Work item
Excluding pictures, transcribe precisely the lines from the one containing "為更加有力有效做好疫情防控工" to the final line of the listing below, inclusive, and nothing more.

Collected data
★ ★ ★ ★ ★
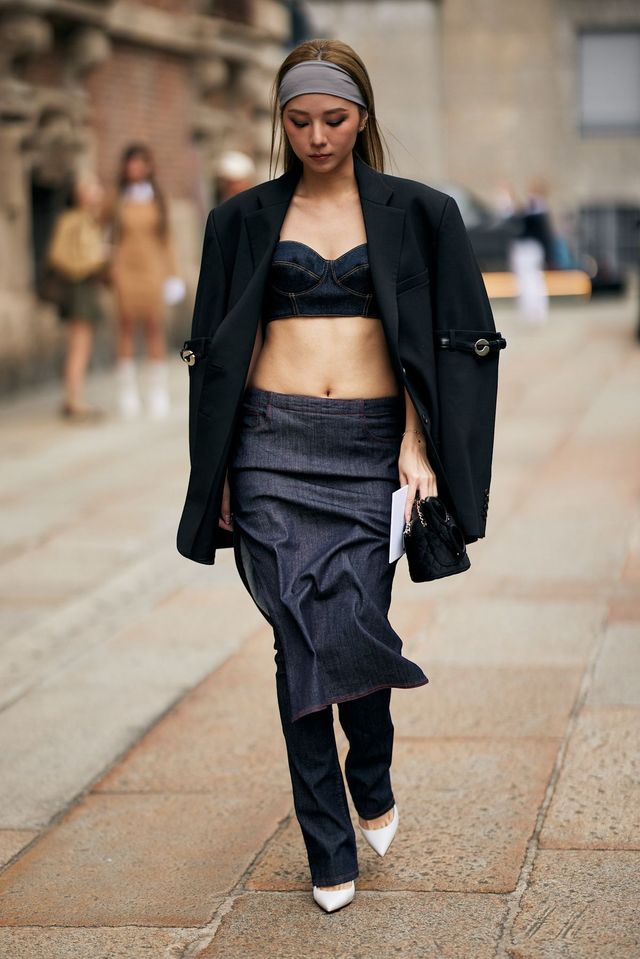 과감한 스타일에 도전하고 싶다면 브라톱이나 크롭 톱과 함께 보다 강렬한 무드를 연출해 보세요.
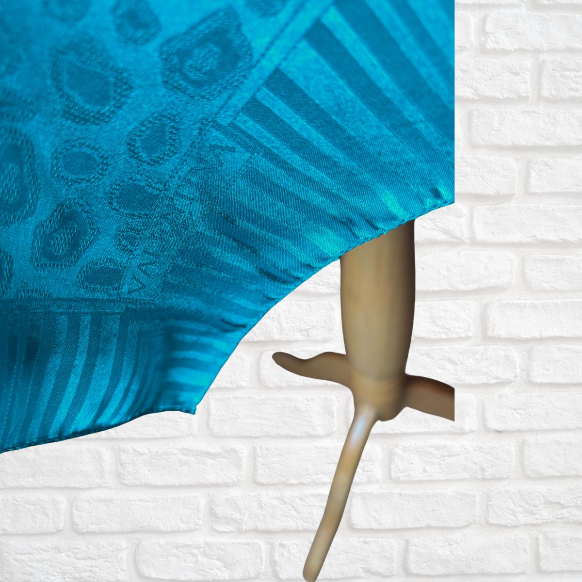 This beautiful shimmering vintage scarf in a stunning aquamarine shade features an eye catching abstract print. Versatile and chic, and perfect for gifting, this large scarf can be worn in countless ways to elevate your style. Perhaps loose around your shoulders, in your hair, or around your neck and tied to the side, the possibilities are endless.
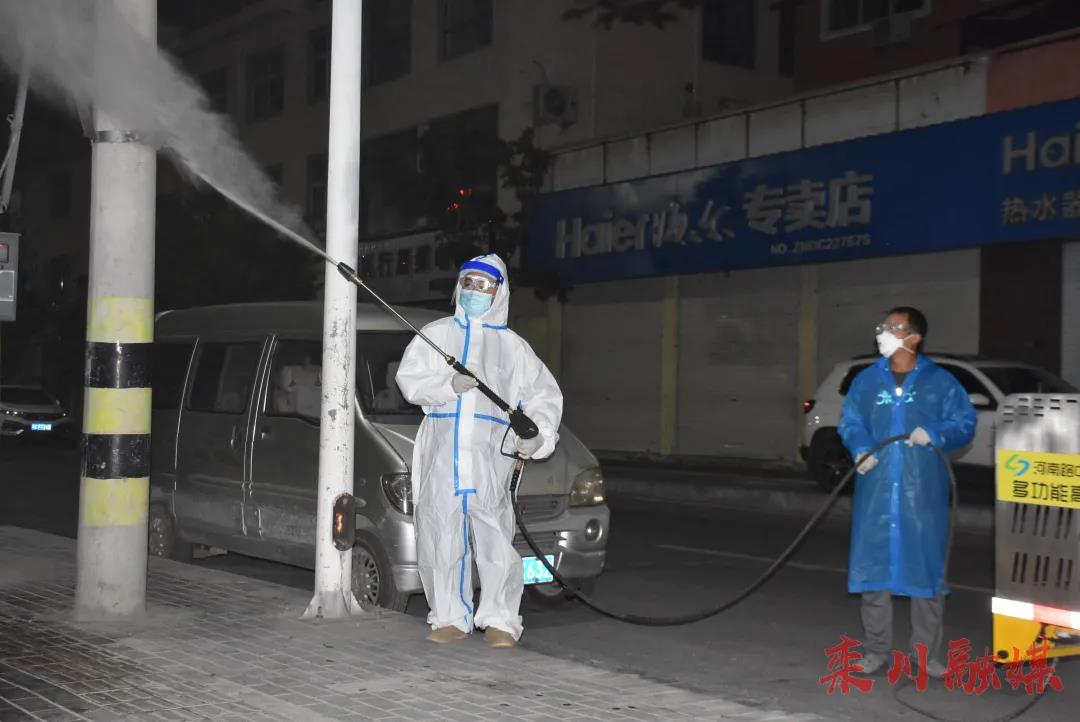 為更加有力有效做好疫情防控工作,切實保障人民群眾身體健康和生命安全,8月11日夜間,按照欒川縣新冠肺炎應(yīng)急處置指揮部統(tǒng)一部署,縣市政園林綠化中心、城市管理執(zhí)法局、衛(wèi)健委、交警隊等單位,組織人員、車輛對城區(qū)內(nèi)的主次干道、背街小巷、公共廁所等公共區(qū)域,開展全城噴灑消毒工作。
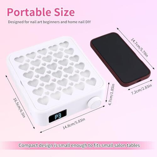 Compact portable design fits on small salon tables for home or studio use. Powerful 4200 rpm suction keeps nails and dust under control, with a reusable filter and disposable options. Low-noise operation and beginner-friendly setup for quick use.
★ ★ ★ ★ ★
Written solution
 為更加有力有效做好疫情防控工作,切實保障人民群眾身體健康和生命安全,8月11日夜間,按照欒川縣新冠肺炎應(yīng)急處置指揮部統(tǒng)一部署,縣市政園林綠化中心、城市管理執(zhí)法局、衛(wèi)健委、交警隊等單位,組織人員、車輛對城區(qū)內(nèi)的主次干道、背街小巷、公共廁所等公共區(qū)域,開展全城噴灑消毒工作。
 Compact portable design fits on small salon tables for home or studio use. Powerful 4200 rpm suction keeps nails and dust under control, with a reusable filter and disposable options. Low-noise operation and beginner-friendly setup for quick use.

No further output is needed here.